- Born: 1770
- Died: 19 October 1844 (aged 73–74)
- Occupation: Painter

= John Dunthorne =

British painter (1770–1844)

John Dunthorne (1770 – 19 October 1844) was a British painter.

==Biography==
Dunthorne was a plumber and glazier in the village of East Bergholt, Suffolk. He was an intelligent man, and devoted all his spare time to painting landscapes.

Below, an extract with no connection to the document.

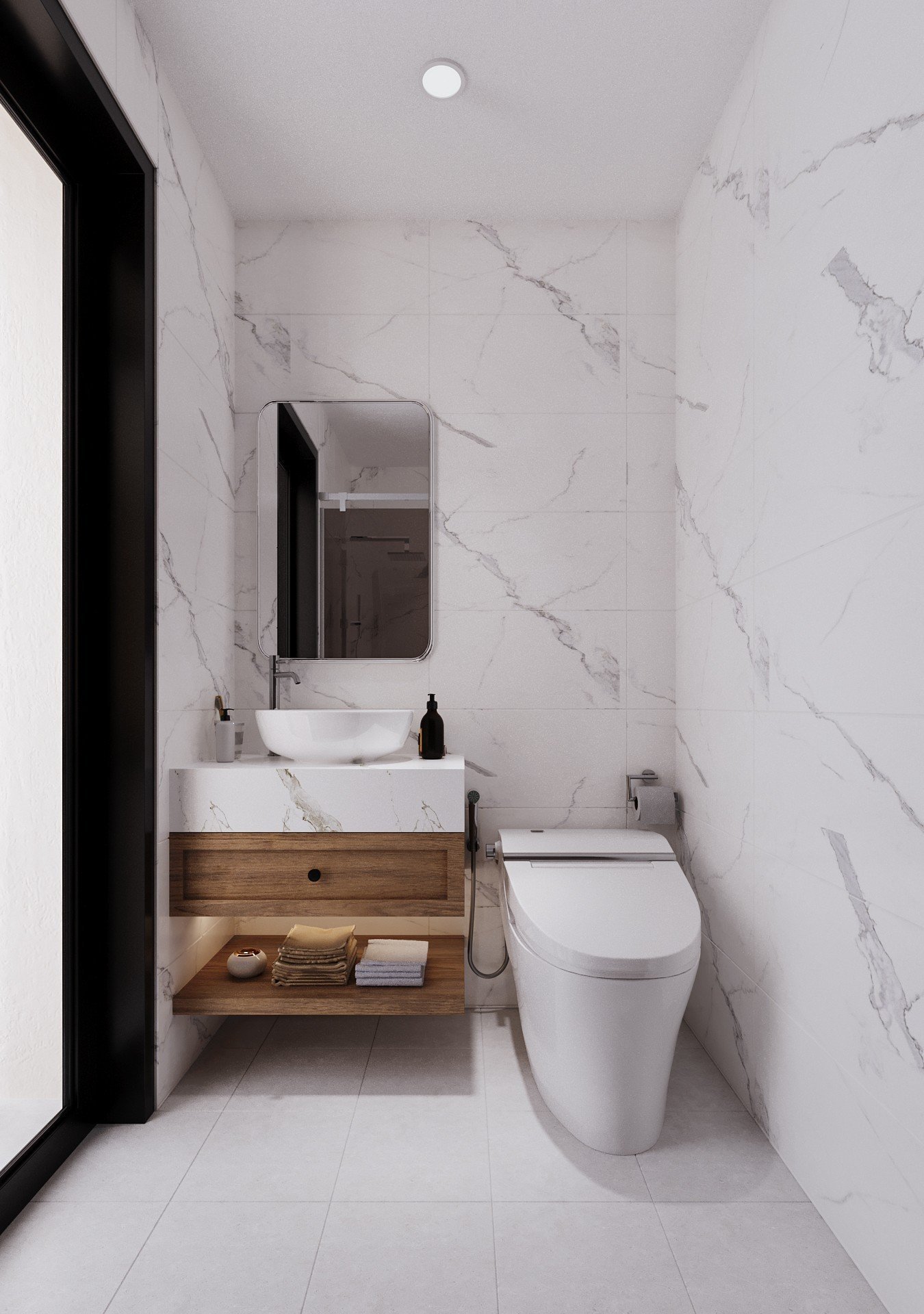 Khu vực phòng tắm này cũng đảm bảo được sự cổ điển của phong cách  rustic hiện đại, tối giản qua việc sử dụng chất liệu gỗ để thiết kế tủ và kệ đựng đồ. Sự kết hợp hài hòa giữa màu sắc, chất liệu và ánh sáng tạo nên một không gian thư giãn và thoải mái. Gam màu trắng chủ đạo của đá cẩm thạch tạo cảm giác rộng rãi, sạch sẽ và tạo nên vẻ đẹp sang trọng, bền bỉ và dễ vệ sinh. Màu nâu gỗ của tủ lavabo tạo điểm nhấn ấm áp và gần gũi với thiên nhiên. Chất liệu sứ được sử dụng cho bồn cầu và lavabo, mang đến vẻ đẹp tinh tế và dễ vệ sinh. Ánh sáng tự nhiên (qua cửa kính) kết hợp với ánh sáng nhân tạo từ đèn trần tạo nên không gian đủ sáng, giúp các hoạt động diễn ra dễ dàng và tạo cảm giác thư thái. Lavabo được thiết kế đơn giản, hiện đại với mặt đá cẩm thạch và tủ gỗ bên dưới giúp tạo không gian lưu trữ. Bồn cầu được thiết kế hiện đại, tích hợp nhiều tính năng thông minh. Tổng thể bố cục phòng tắm được thiết kế khoa học, các thiết bị vệ sinh được sắp xếp hợp lý, tạo nên sự tiện nghi và thoải mái khi sử dụng.

His cottage was close to the house of Golding Constable, and the latter's son, John Constable, early formed an intimacy with Dunthorne, and it was in Dunthorne's little house, and in his companionship, that Constable laid the foundations of his future great career as a landscape-painter. Dunthorne continued to live at East Bergholt until his death, on 19 October 1844, at the age of seventy-four. By his wife Hannah he had four children, the third of whom was John Dunthorne, jun. (1798–1832), born at East Bergholt 19 April 1798, and baptised there 3 June. Constable's attachment to the elder Dunthorne was extended in an even greater manner to the son. Young Dunthorne became Constable's constant companion and assistant, and in the latter capacity proved very useful to him. He was possessed also of considerable mathematical and mechanical ingenuity, and was highly esteemed by all who knew him. He painted landscapes on his own account, and contributed to the Royal Academy exhibitions from 1827 to 1832, and occasionally to the British Institution. In 1832, however, he suffered from disease of the heart, which caused his death early in November of that year at East Bergholt, where he was buried. There were also two artists of the name of John Dunthorne, father and son, who lived at Colchester, and contributed small genre pictures to the Royal Academy exhibitions from 1783 to 1792. Some of these were engraved in stipple by E. Scott and others. The younger Dunthorne is said to have died young, and to have shown much ability.